Alcohol & Drugs
Drug and alcohol abuse can cause strokes, heart attacks, seizures, or death.
The rules concerning alcohol use and epilepsy apply to both teens and adults, but greater caution applies to the younger group. Drinking one or two alcoholic beverages usually causes no meaningful changes in the blood levels of seizure medicines or in seizure control. However, some epilepsy syndromes, such as Juvenile Myoclonic Epilepsy (JME) may be sensitive to even limited alcohol intake. The problem with one or two drinks for teens, whether or not they have epilepsy, is that their understanding of alcohol and their ability to limit its intake is often inadequate. One or two drinks become three or four, intoxication clouds judgment, and serious problems can follow.
Teens often will sleep off a hangover, and those with epilepsy may fail to take their bedtime and morning medications. Therefore, it is a good idea for all teens, especially those with epilepsy, to avoid alcohol or to use it only under adult supervision, such as having a glass of wine or beer during a family dinner. Teens with epilepsy should know that alcohol abuse can worsen seizure control. In addition, the combination of seizure medicines and alcohol can have a strong sedative effect. When excessive amounts of alcohol are consumed, the combination can be dangerous.

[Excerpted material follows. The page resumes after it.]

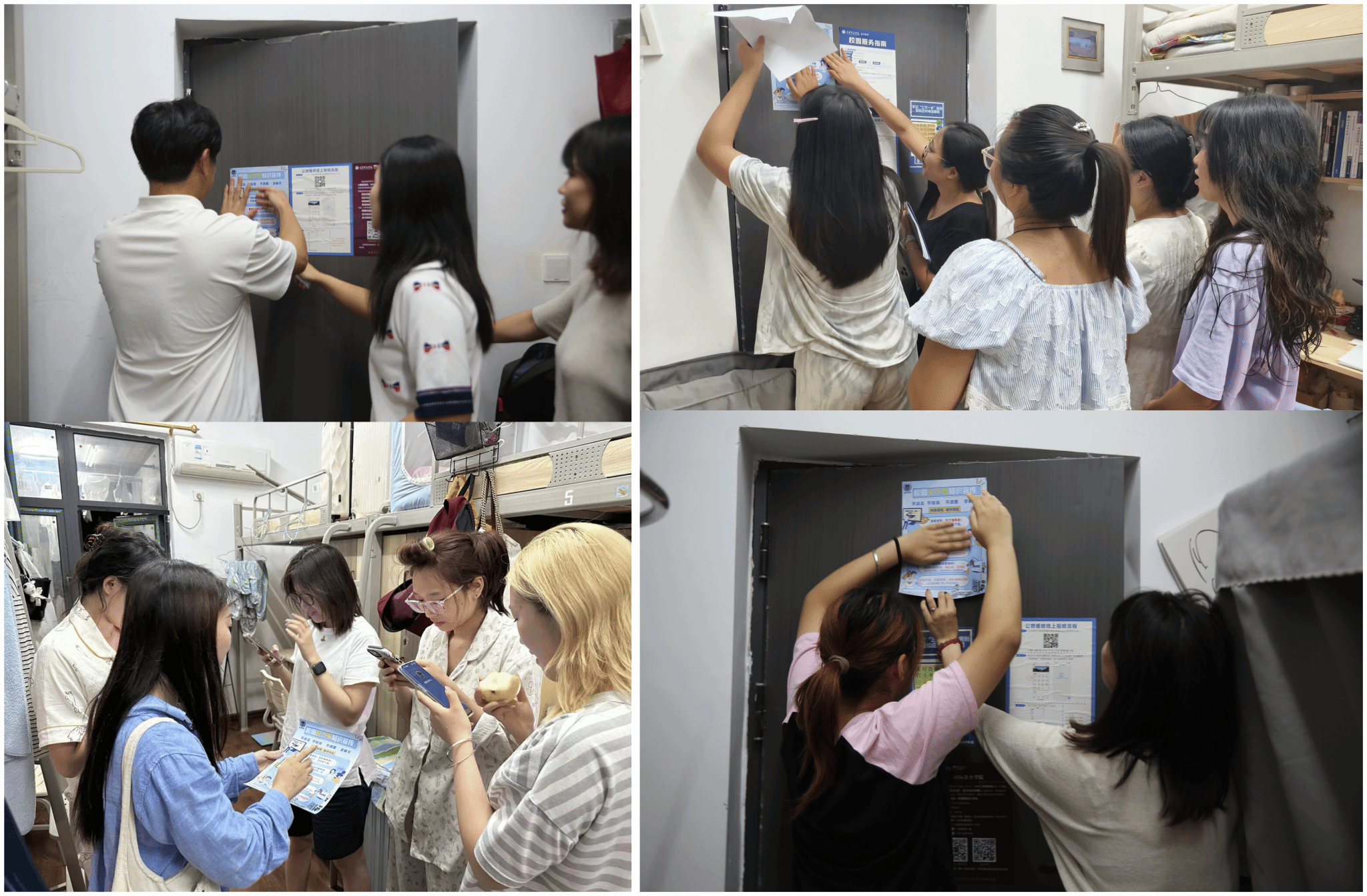 本次专项行动还特别加强了反诈宣传教育,各年级辅导员结合近期高校电信网络骗案例,向学生们进行了详细的安全警示和防范措施讲解,特别提醒要警惕陌生来电、虚假网络信息和非法借贷平台。学院还专门制作了“反诈小贴士”宣传单,内容涵盖常见诈骗手法识别、应对措施、求助渠道及相关联系方式等实用信息,由师生一起粘贴于各宿舍门后,方便学生随时查阅学习,切实增强防骗能力。

Crack and other forms of cocaine can cause seizures in people who have never had one before. Although there are no studies of the effects of crack or cocaine on seizure control, there is an obvious risk that these substances would make the occurrence of seizures more likely. Seizures that occur with cocaine or crack use are much more dangerous than seizures that occur from other causes or spontaneously, and can be fatal. This was clearly demonstrated in 1986 by the case of Len Bias, a basketball star from the University of Maryland, who reportedly had seizures and died after using crack. Deadly seizures or heart attacks can occur even after the first-time use of these substances. Crack and cocaine are associated with other serious health problems as well, and should be avoided at all costs.
Seizures can be caused or made worse by the use of uppers (amphetamines), downers (barbiturates, benzodiazepines), heroin, certain pain killers, LSD ("acid"), PCP ("angel dust"), or "ecstasy." The effects of these drugs on epilepsy are not known with certainty, but they can bring on seizures by causing the user to forget to take seizure medicines or to lose sleep. These drugs may also have direct and indirect (withdrawal) effects on the brain. The possession (except if prescribed by a doctor) or selling of all these drugs is illegal, and the severe penalties for even casual association with them, coupled with their numerous health risks, make their use foolish and dangerous.